◆ **Exercise details**
Transcribe everything in the listing as written, and let no image into the copy.

◆ **Material provided**
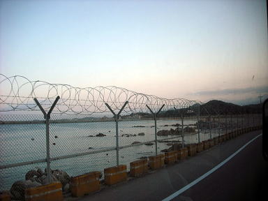 | 束草(そくちょ)で乗ったタクシーは市街地を抜けると高城へ向けて快走した。高城が近くなると道路の要所々々に軍服姿の兵士が立っていて、軍用トラックが行き交っている。そして、道路の際にはコンクリートブロックが積み上げられていて、横断歩道橋のようになっているものもある。有事にはこれらを爆破して崩壊させて道路を封鎖して、北の侵入を防ぐのだと運転手は説明してくれた。さらに海岸線には北の工作員などの侵入を防ぐために有刺鉄線を這わせたフェンスが設けてある。 |
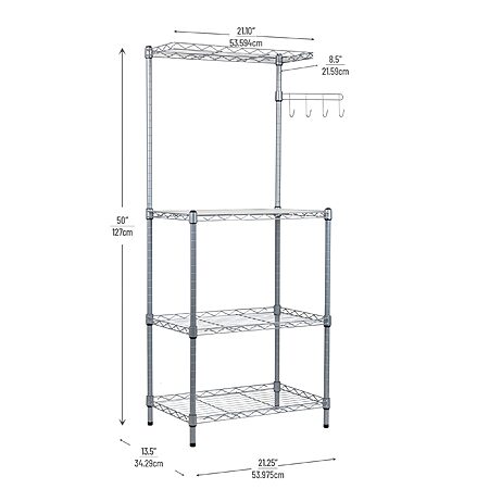 4-Tier Mind Reader Shelf Unit w/ Hooks (Silver, 21.25" L x 13.5" W x 50" H)
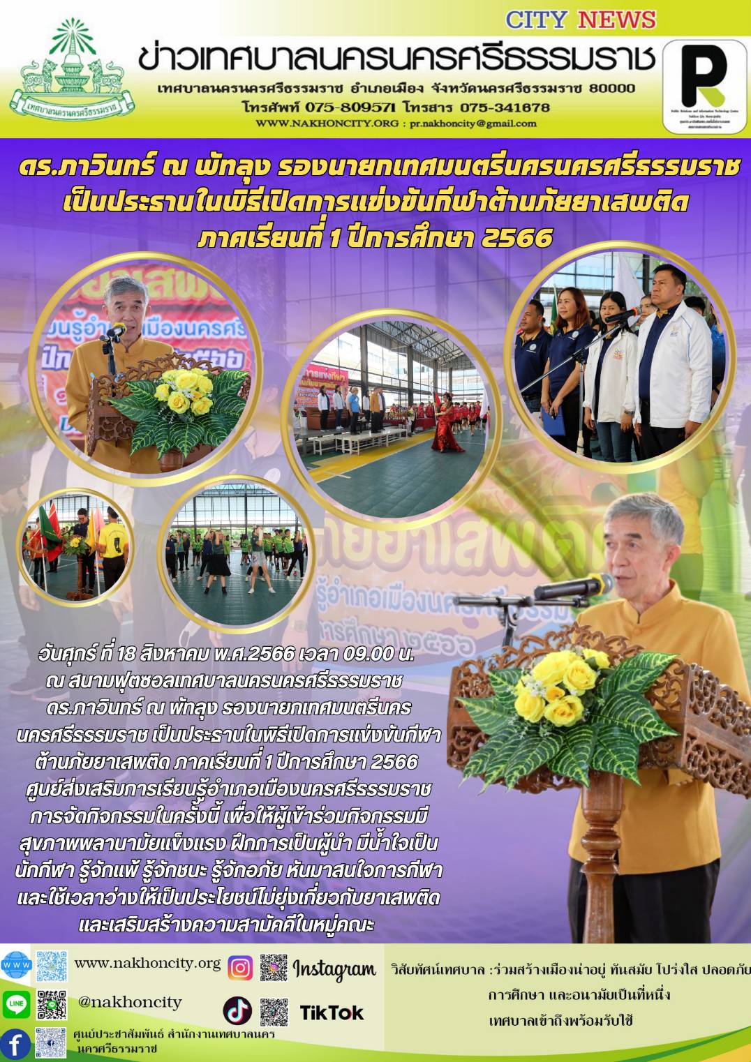 | ดร.ภาวินทร์ ณ พัทลุง รองนายกเทศมนตรีนครนครศรีธรรมราช เป็นประธานในพิธีเปิดการแข่งขันกีฬาต้านภัยยาเสพติด ภาคเรียนที่ 1 ปีการศึกษา 2566 |

◆ **Exercise solution**
 | 束草(そくちょ)で乗ったタクシーは市街地を抜けると高城へ向けて快走した。高城が近くなると道路の要所々々に軍服姿の兵士が立っていて、軍用トラックが行き交っている。そして、道路の際にはコンクリートブロックが積み上げられていて、横断歩道橋のようになっているものもある。有事にはこれらを爆破して崩壊させて道路を封鎖して、北の侵入を防ぐのだと運転手は説明してくれた。さらに海岸線には北の工作員などの侵入を防ぐために有刺鉄線を這わせたフェンスが設けてある。 |
 4-Tier Mind Reader Shelf Unit w/ Hooks (Silver, 21.25" L x 13.5" W x 50" H)
 | ดร.ภาวินทร์ ณ พัทลุง รองนายกเทศมนตรีนครนครศรีธรรมราช เป็นประธานในพิธีเปิดการแข่งขันกีฬาต้านภัยยาเสพติด ภาคเรียนที่ 1 ปีการศึกษา 2566 |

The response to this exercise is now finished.